Una striscia di bagnanti a ridosso della battigia, un'accozzaglia di insetti intorno ad un formicaio d'acqua blu. Ombrelloni sparsi e disordinati, inflizati su una sabbia inerme. Il sole sopra tutto, sembrava starsene fermo lì, a specchiarsi nel mare. Invece, tra un'oretta, si sarebbe già accasciato rossastro dietro le Eolie appoggiate sulla linea dell'orizzonte. A completare lo scenario, una ditata di gesso bianco su una lavagna color carta da zucchero: la luna, di giorno, in cielo. Era come se volesse dire : hey voi, lì sotto, ci sono anche io quassù, mica solo quel pallone gonfiato di un sole! Guardatemi!
Quel vecchio arrivò adagio, come se stesse seguendo una processione immaginaria. Si trascinava con una flemma astrusa, un graffio sul quadro del paesaggio. Quella flemma strappava lo sguardo da qualsiasi altra cosa tu stessi guardando, e ti costringeva a guardare lui.
E sembrava non avesse fatto altro per tutta la sua vita passata, se non camminare con flemma dentro quella processione immaginaria. Sembrava non avesse mai fatto null'altro che camminare. Aveva l'aria di aver camminato per una vita, e di venire da lontano. Ma molto probabilmente arrivava da qualche casa da villeggiatura sul lungomare.

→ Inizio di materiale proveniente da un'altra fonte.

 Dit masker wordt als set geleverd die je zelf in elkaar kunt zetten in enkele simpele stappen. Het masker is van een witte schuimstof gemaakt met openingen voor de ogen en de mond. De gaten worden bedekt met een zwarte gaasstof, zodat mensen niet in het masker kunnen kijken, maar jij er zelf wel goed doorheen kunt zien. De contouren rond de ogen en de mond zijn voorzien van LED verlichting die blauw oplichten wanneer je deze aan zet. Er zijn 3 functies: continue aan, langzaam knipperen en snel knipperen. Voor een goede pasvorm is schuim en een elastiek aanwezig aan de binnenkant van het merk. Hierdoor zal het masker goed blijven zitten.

Con l'aria serafica e un sorriso accennato, portava sottobraccio quattro pezzi di legno. Attraversò la spiaggia e, senza esitazione di alcun tipo, si fermò improvvisamente. Era come se avesse trovato il posto che cercava, come una X su una mappa del tesoro. Quei quattro pezzi di legno che portava sottobraccio, ora avevano una forma più distinta: uno sgabello. Lo aprì e si sedette.
Io rimasi a fissarlo dietro i miei occhiali da sole. A vederlo, pareva un vecchio qualunque, come mille altri ce ne sono al mondo. Eppure c'era qualcosa di particolare, ma non riuscivo a capire cosa.

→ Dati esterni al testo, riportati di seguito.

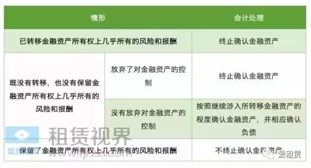 根據會計準則,如果作為發起人的租賃公司已將租金資產所有權上幾乎所有的風險和報 酬轉移給 SPV,可以實現出表;如果租賃公司保留了租金資產所有權上幾乎所有風險 和報酬的,則未放棄租金資產控制權,不能出表;如果租賃公司既沒有轉移也沒有保留 租金資產所有權上幾乎所有的風險和報酬,應當按照繼續涉入所轉移租金資產程度確認 有關租金資產,繼續涉入部分不能出表,不過國內和國際會計準則均沒有明確規定“幾 乎所有”的比例,一般會計界在相關討論中將“幾乎所有”理解為“95%左右的比例”。 在大部分資產證券化案例中,發起機構一般通過持有次級檔證券繼續涉入所轉讓金融 資產的一部分。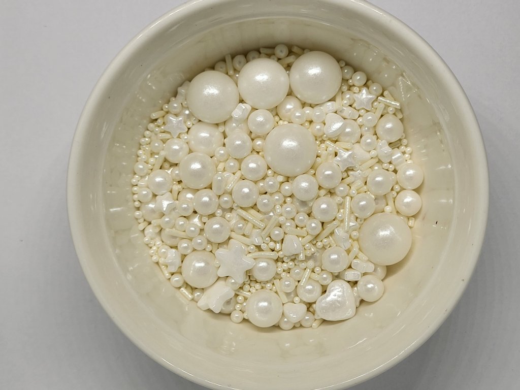 Bohatá textura: Směs obsahuje perly několika velikostí, tyčinky, hvězdičky a srdíčka, které spolu vytvářejí dokonalý vizuální celek.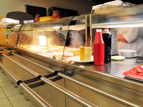 Полка над мармитом служит для выкладки порционных блюд и имеет лампу подстветки. Блюда удобно брать и ставить с любой стороны полки.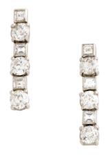 Each comprising seven claw-set round brilliant-cut diamonds flanked by five claw-set baguette-cut diamonds to a post and clip, the diamonds together weighing approximately 6.00 carats, length approximately 25mm, gross weight approximately 10.0 grams.

Così seduto su quello sgabello, nel bel mezzo della spiaggia e ben lontano dalla striscia di bagnanti assiepati sulla riva, potevo vederlo bene. Sotto un berretto rosso, i capelli bianchissimi. Il volto compiaciuto. Una camicia bianca. Pantaloni di lino. Scarpe da ginnastica con lacci legati in vistosi fiocchi. Le mani sulle ginocchia. Lo sguardo fisso davanti a sè. Non riuscivo ancora a cogliere cosa ci fosse di così magnetico in quel vecchio.
Rimase fermo per un pò. Poi si tolse le scarpe e la camicia. Si portò una mano alla spalla destra, e intuii che aveva con sè uno zaino, dal quale tirò fuori un telo da mare. Alzandosi, si avvolse il telo intorno alla vita, e dopo qualche minuto, quando lo lasciò cadere sulla sabbia, indossava un costume da bagno.
Ancora niente, non riuscivo a cogliere lo spigolo di quella personalità.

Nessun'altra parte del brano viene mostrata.